The research team identified areas that had been selectively logged, then tracked those gaps in the harvested forests, which covered 17,760 square miles across four Brazilian states. "We surveyed an area that is about three times the size of Texas from 1999 to 2004," Asner noted.

According to the five-year surveys, the likelihood that a selectively logged area would be clear-cut was highly dependent on its proximity to significant roadways. Most selective logging was concentrated within 3 miles of major roads, and logged areas located 3 to 15.5 miles from roads were two to four times more likely to be cleared than intact forests—an indication that selective logging blazes the trail for deforestation, according to the authors.

Asner and his colleagues were surprised to discover such a tight relationship between these two land-use activities, because they involve different financial interests—selective logging is done for timber, while clear-cutting is a technique primarily used by farmers and ranchers.

Overall, the researchers concluded that selective-logging operations in Brazil were highly damaging, although federally regulated preserves were much less disturbed than unprotected forests. These results come on the heels of recent Brazilian legislation designed to regulate logging to improve sustainability and the announcement by Brazilian officials to develop a remote-sensing system to monitor logging from space.
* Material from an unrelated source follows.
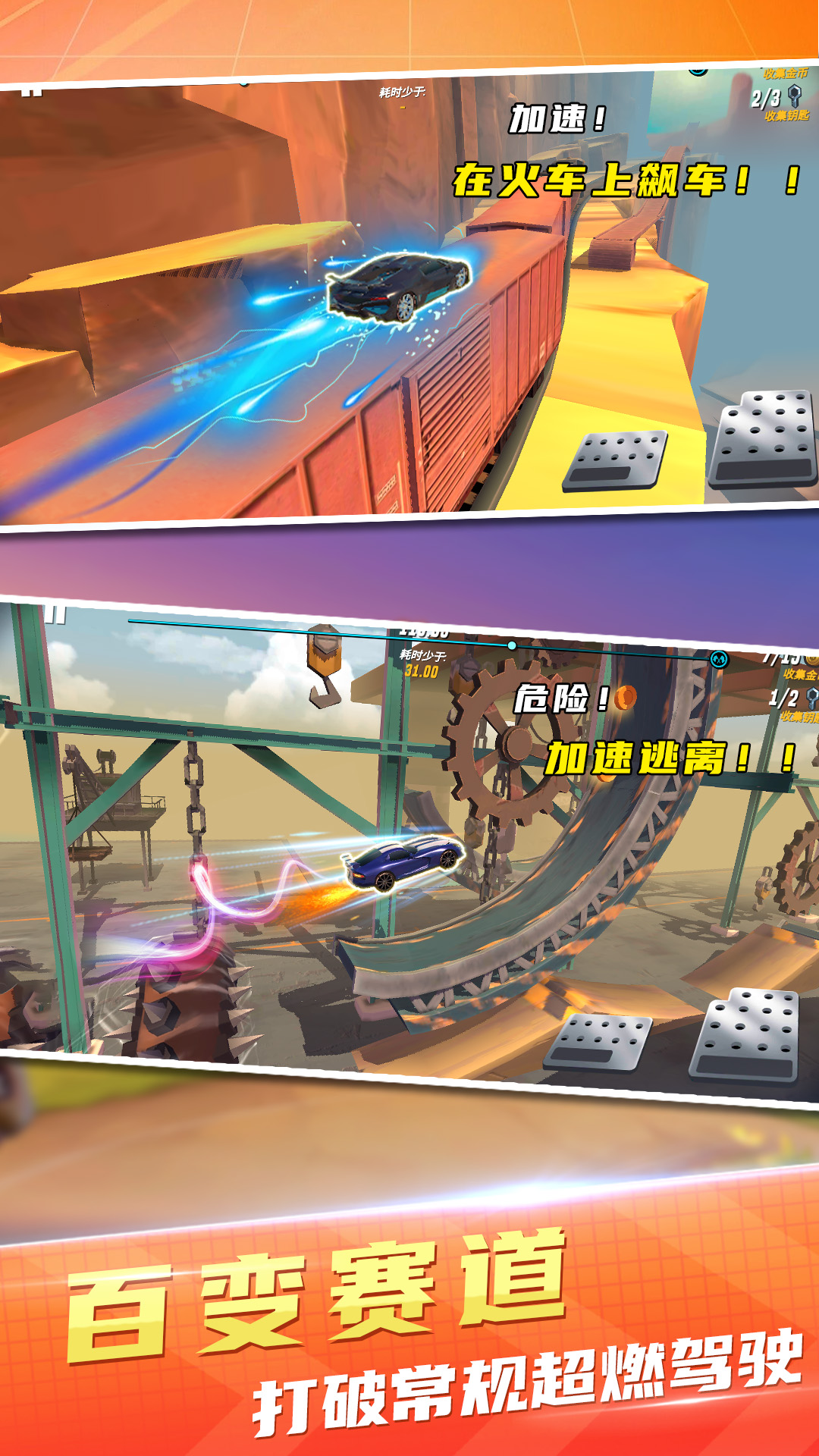 -小心!危险逼近!破坏力十足的铁锤迎面袭来、高速行驶的火车在背后穷追不舍,仿佛置身于刺激的赛车动作大片里,每一秒都是生死时速!驾驶赛车甩开危险,一起感受肾上腺素狂飙的快乐吧!

"The new Brazilian timber-concession laws for federally protected lands could bring more control over both the high levels of forest damage caused by current logging operations and the loss of selectively logged forest to full deforestation," Asner said.

Other co-authors of the PNAS study are Eben N. Broadbent, Paulo J. C. Oliveira and David E. Knapp of the Carnegie Department of Global Ecology at Stanford; Michael Keller of the U.S. Forest Service and the University of New Hampshire; and José N. M. Silva of the Brazilian Ministry of Agriculture. This research was funded by NASA, and high-resolution digital deforestation maps were provided the Brazilian National Institute for Space Research (INPE).